DatriseAI-first ETL

Amazon Amazon S3 Mode

AI-first ETL from Amazon Amazon S3 into Mode. Governed entities, incremental sync, typed landing tables.

How Datrise loads Amazon Amazon S3 into Mode

Datrise syncs Amazon Amazon S3's records, events, and configuration objects into Mode as warehouse tables Mode queries with SQL. Flexible or custom fields land in flattened columns for SQL and notebooks, and timestamps such as created, updated, and status changes are typed as temporal columns.

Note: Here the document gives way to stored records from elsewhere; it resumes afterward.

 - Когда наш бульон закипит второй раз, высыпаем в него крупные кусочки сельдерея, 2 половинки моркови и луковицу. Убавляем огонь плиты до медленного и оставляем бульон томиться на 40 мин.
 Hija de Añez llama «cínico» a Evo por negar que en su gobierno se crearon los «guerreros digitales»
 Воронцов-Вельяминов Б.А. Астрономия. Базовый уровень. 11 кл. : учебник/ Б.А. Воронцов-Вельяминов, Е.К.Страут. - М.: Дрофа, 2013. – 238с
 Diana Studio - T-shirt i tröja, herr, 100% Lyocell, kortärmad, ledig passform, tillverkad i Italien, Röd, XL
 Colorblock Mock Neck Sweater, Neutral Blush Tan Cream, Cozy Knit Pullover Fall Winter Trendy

Sync is incremental: Datrise uses incremental refresh of the queried tables, so re-runs update only what changed. Date-partitioned facts for report queries. Mode runs analyst-written SQL, so Datrise lands stable, documented tables that won't break saved reports.

Ideal for SQL-first analysis with Python and R notebooks.

Endpoints

Amazon Amazon S3: SaaS or API data source for analytics and warehouse sync.

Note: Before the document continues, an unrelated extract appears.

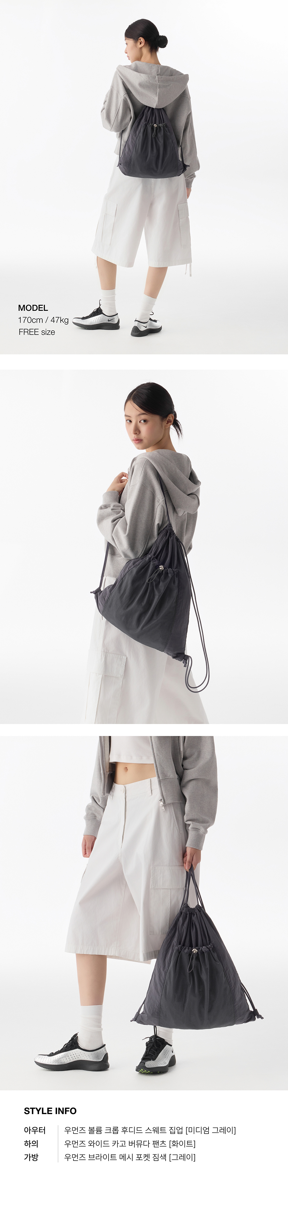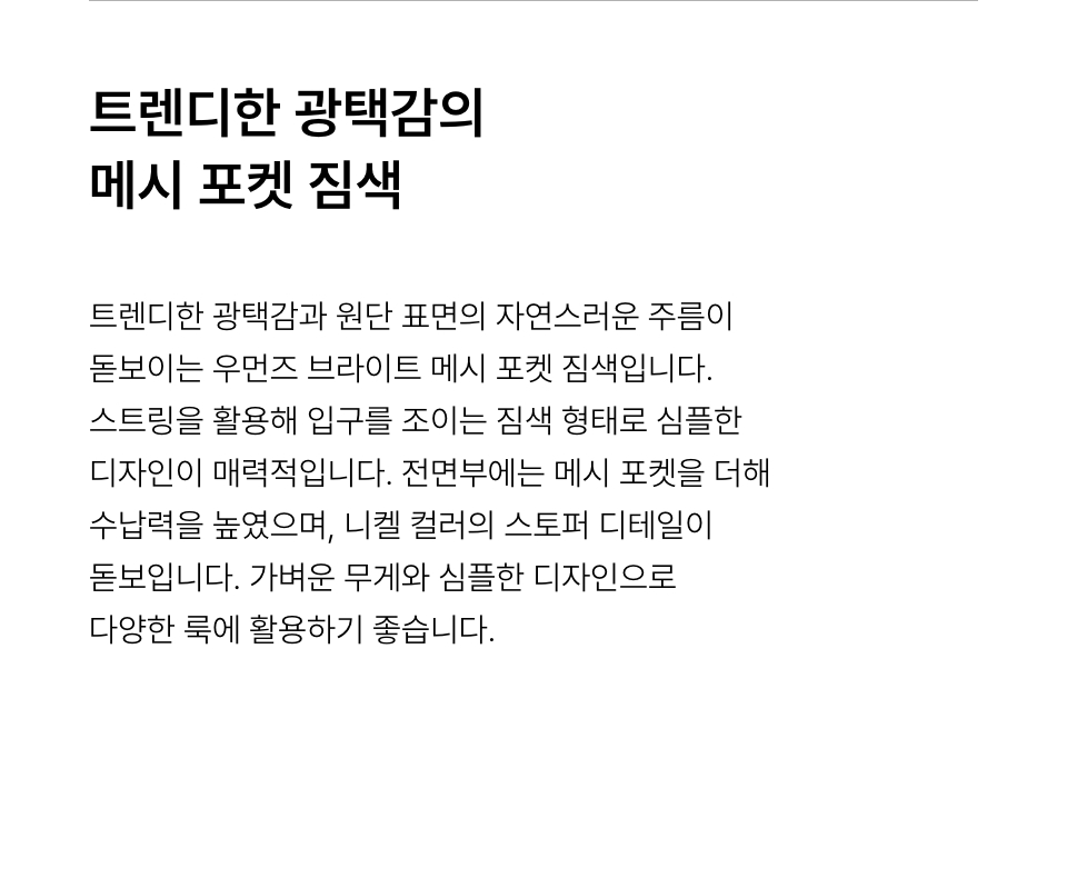 우먼즈 브라이트 메시 포켓 짐색 [그레이]

Mode: Collaborative analytics workspace for SQL, Python, and shared reports.

How Amazon Amazon S3 entities map to Mode

Amazon Amazon S3 entityMode objectNotes
recordsamazon_s3_recordsid PK · custom fields → flattened columns for SQL and notebooks
eventsamazon_s3_eventstemporal columns events
configuration objectsamazon_s3_configuration_objectsid PK · linked to amazon_s3_records

FAQ

How does Datrise handle Amazon Amazon S3's custom fields in Mode?

Flexible values are stored as flattened columns for SQL and notebooks, so new fields don't require a migration; strongly-typed fields — dates, numbers, and references — are promoted to native Mode types.

How does the Amazon Amazon S3 to Mode sync stay up to date?

It runs incrementally — Datrise uses incremental refresh of the queried tables.

Related pipelines

Early access

Connect Amazon Amazon S3 to Mode the easy way

Skip brittle scripts and manual exports. Join the waitlist to get a guided setup, AI-assisted mapping, and reliable incremental sync for this integration.